CAPEL ST MARY: After months of waiting, a date has now been set for an appeal hearing in the case of an Ipswich man convicted of murdering a Suffolk pensioner.

Simon Hall, 33, formerly of Hill House Road, Ipswich, was given a life sentence for stabbing to death 79-year-old Joan Albert at her home in Boydlands, Capel St Mary, on December 16, 2001.

Hall, pictured, has always strenuously denied killing the pensioner and today his wife, Stephanie, has revealed his appeal will take place on December 7.

The hearing, which is expected to last three days, will take place at the Court of Appeal, which yesterday confirmed the appeal is scheduled for December.

In October last year, the Criminal Cases Review Commission (CCRC) decided to refer Hall’s conviction to the Court of Appeal as it found new forensic evidence.

Earlier this year, Mrs Hall, who lives in Ipswich, wrote to Home Secretary Teresa May and Justice Secretary and Lord Chancellor Ken Clarke as well as David Cameron and Nick Clegg expressing her concerns about the delay in setting a date for her husband’s appeal.

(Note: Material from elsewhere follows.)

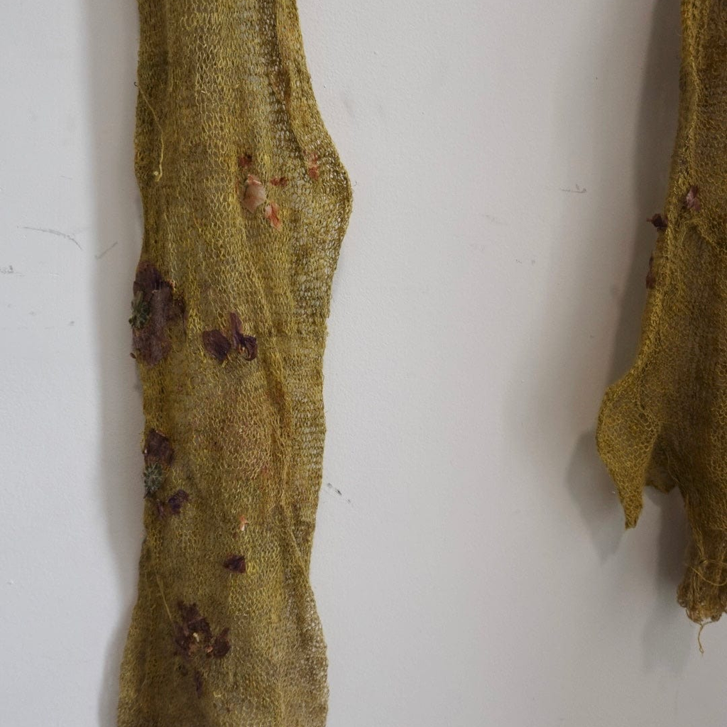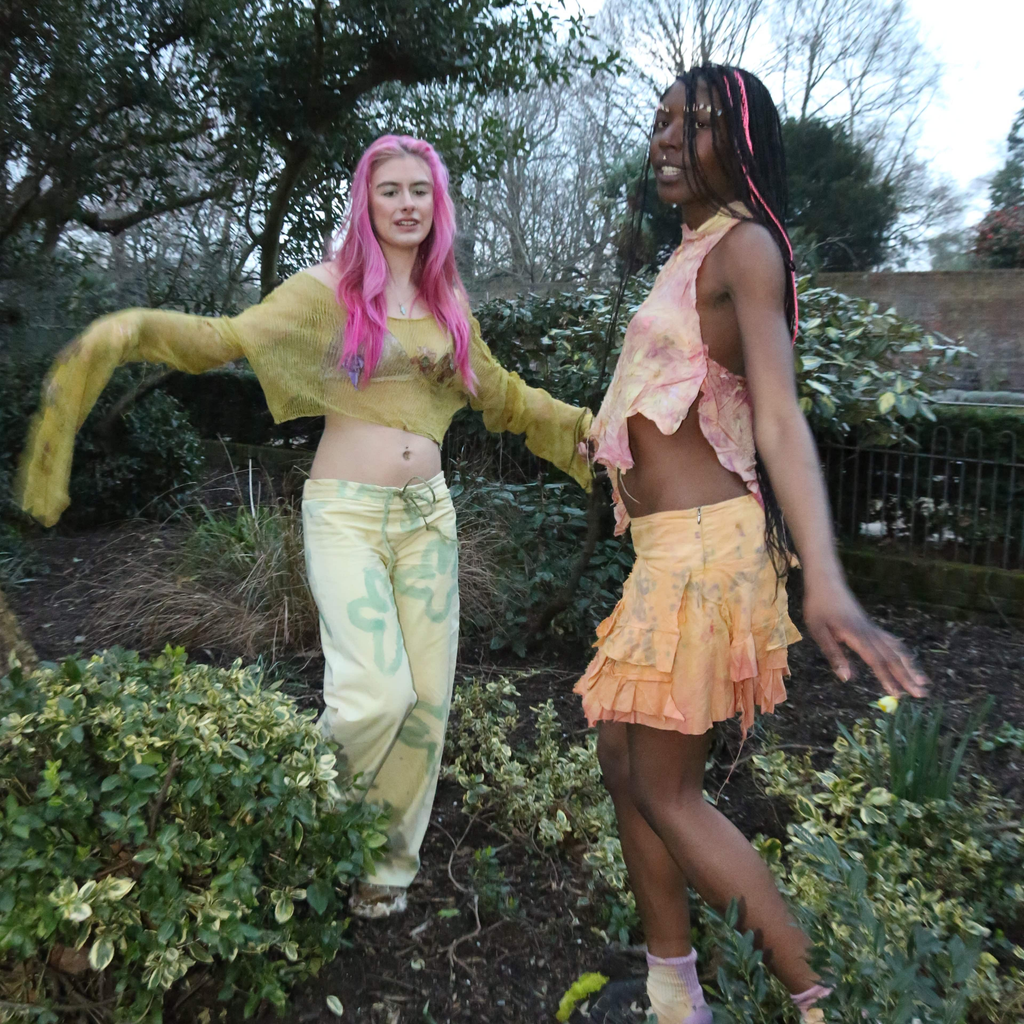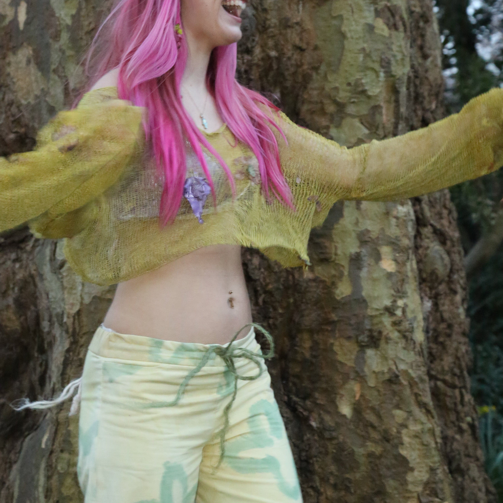 Deeply connected with our natural world and its synchronised patterns, EIRINN HAYHOW carefully explores the foraging of wild plants, herbs and bark. Fascinated by the potential frequency of psychological energy waves emitted from plants and trees, and how these are synchronous with our hearts. She makes all the material for her collections using a combination of intuition and research-led processes. Her playful exploration of natural material has seen her recently exploring the use of living moss, incorporated into knit from foraged nettles and banana yarn.

Hall was convicted at Norwich Crown Court in February, 2003. He appealed against his conviction, but it was dismissed in April 2004. Hall then applied to the CCRC for a review in June 2005.

At the time it announced it was referring Hall’s case for appeal, a spokesman for the CCRC said: “The commission believes that new forensic evidence is capable of undermining key forensic evidence presented at the trial and therefore raises the real possibility that the court would quash the murder conviction.”